Give back all of the data exactly. Leave nothing out.

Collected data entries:
::::::::::

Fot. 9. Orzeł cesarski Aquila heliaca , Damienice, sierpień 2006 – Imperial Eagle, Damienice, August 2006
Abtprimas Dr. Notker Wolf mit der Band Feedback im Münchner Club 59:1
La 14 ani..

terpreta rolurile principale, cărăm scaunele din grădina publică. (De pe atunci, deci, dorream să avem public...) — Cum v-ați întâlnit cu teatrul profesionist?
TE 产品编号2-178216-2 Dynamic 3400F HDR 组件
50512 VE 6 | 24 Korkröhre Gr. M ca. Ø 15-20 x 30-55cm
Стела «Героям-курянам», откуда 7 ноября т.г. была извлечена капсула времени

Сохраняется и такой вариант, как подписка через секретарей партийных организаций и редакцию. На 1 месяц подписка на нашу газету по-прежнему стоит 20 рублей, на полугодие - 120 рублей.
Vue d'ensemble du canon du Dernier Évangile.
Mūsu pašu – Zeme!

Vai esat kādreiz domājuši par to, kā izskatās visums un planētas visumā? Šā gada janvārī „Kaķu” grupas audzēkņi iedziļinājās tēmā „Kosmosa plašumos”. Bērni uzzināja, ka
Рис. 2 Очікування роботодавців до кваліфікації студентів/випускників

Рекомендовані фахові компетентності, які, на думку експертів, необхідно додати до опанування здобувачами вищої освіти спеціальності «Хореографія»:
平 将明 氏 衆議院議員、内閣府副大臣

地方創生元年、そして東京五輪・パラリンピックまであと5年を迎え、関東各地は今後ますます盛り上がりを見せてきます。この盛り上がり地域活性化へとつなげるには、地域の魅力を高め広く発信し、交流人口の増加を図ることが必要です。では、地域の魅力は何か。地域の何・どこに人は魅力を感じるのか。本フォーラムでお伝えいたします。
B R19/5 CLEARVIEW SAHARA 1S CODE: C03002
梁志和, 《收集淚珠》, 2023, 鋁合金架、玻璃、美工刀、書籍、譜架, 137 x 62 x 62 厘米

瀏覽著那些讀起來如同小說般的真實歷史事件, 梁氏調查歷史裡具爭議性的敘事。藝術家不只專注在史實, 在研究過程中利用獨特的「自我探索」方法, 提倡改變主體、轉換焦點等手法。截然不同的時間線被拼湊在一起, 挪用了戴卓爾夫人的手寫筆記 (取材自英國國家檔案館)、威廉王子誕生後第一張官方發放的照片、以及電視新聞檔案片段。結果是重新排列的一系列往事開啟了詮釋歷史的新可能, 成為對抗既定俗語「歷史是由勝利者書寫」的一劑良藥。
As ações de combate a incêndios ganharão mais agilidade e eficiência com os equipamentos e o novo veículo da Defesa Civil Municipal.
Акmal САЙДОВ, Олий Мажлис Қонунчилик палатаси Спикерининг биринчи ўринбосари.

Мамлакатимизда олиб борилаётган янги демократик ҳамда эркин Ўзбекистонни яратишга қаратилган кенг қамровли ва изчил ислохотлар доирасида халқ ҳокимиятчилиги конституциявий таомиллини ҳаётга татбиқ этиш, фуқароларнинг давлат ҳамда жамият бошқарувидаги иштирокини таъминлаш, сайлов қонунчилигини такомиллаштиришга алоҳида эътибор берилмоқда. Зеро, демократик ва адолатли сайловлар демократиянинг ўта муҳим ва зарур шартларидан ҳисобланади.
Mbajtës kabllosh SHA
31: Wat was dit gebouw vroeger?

::::::::::

- Your response -
Fot. 9. Orzeł cesarski Aquila heliaca , Damienice, sierpień 2006 – Imperial Eagle, Damienice, August 2006
Abtprimas Dr. Notker Wolf mit der Band Feedback im Münchner Club 59:1
La 14 ani..

terpreta rolurile principale, cărăm scaunele din grădina publică. (De pe atunci, deci, dorream să avem public...) — Cum v-ați întâlnit cu teatrul profesionist?
TE 产品编号2-178216-2 Dynamic 3400F HDR 组件
50512 VE 6 | 24 Korkröhre Gr. M ca. Ø 15-20 x 30-55cm
Стела «Героям-курянам», откуда 7 ноября т.г. была извлечена капсула времени

Сохраняется и такой вариант, как подписка через секретарей партийных организаций и редакцию. На 1 месяц подписка на нашу газету по-прежнему стоит 20 рублей, на полугодие - 120 рублей.
Vue d'ensemble du canon du Dernier Évangile.
Mūsu pašu – Zeme!

Vai esat kādreiz domājuši par to, kā izskatās visums un planētas visumā? Šā gada janvārī „Kaķu” grupas audzēkņi iedziļinājās tēmā „Kosmosa plašumos”. Bērni uzzināja, ka
Рис. 2 Очікування роботодавців до кваліфікації студентів/випускників

Рекомендовані фахові компетентності, які, на думку експертів, необхідно додати до опанування здобувачами вищої освіти спеціальності «Хореографія»:
平 将明 氏 衆議院議員、内閣府副大臣

地方創生元年、そして東京五輪・パラリンピックまであと5年を迎え、関東各地は今後ますます盛り上がりを見せてきます。この盛り上がり地域活性化へとつなげるには、地域の魅力を高め広く発信し、交流人口の増加を図ることが必要です。では、地域の魅力は何か。地域の何・どこに人は魅力を感じるのか。本フォーラムでお伝えいたします。
B R19/5 CLEARVIEW SAHARA 1S CODE: C03002
梁志和, 《收集淚珠》, 2023, 鋁合金架、玻璃、美工刀、書籍、譜架, 137 x 62 x 62 厘米

瀏覽著那些讀起來如同小說般的真實歷史事件, 梁氏調查歷史裡具爭議性的敘事。藝術家不只專注在史實, 在研究過程中利用獨特的「自我探索」方法, 提倡改變主體、轉換焦點等手法。截然不同的時間線被拼湊在一起, 挪用了戴卓爾夫人的手寫筆記 (取材自英國國家檔案館)、威廉王子誕生後第一張官方發放的照片、以及電視新聞檔案片段。結果是重新排列的一系列往事開啟了詮釋歷史的新可能, 成為對抗既定俗語「歷史是由勝利者書寫」的一劑良藥。
As ações de combate a incêndios ganharão mais agilidade e eficiência com os equipamentos e o novo veículo da Defesa Civil Municipal.
Акmal САЙДОВ, Олий Мажлис Қонунчилик палатаси Спикерининг биринчи ўринбосари.

Мамлакатимизда олиб борилаётган янги демократик ҳамда эркин Ўзбекистонни яратишга қаратилган кенг қамровли ва изчил ислохотлар доирасида халқ ҳокимиятчилиги конституциявий таомиллини ҳаётга татбиқ этиш, фуқароларнинг давлат ҳамда жамият бошқарувидаги иштирокини таъминлаш, сайлов қонунчилигини такомиллаштиришга алоҳида эътибор берилмоқда. Зеро, демократик ва адолатли сайловлар демократиянинг ўта муҳим ва зарур шартларидан ҳисобланади.
Mbajtës kabllosh SHA
31: Wat was dit gebouw vroeger?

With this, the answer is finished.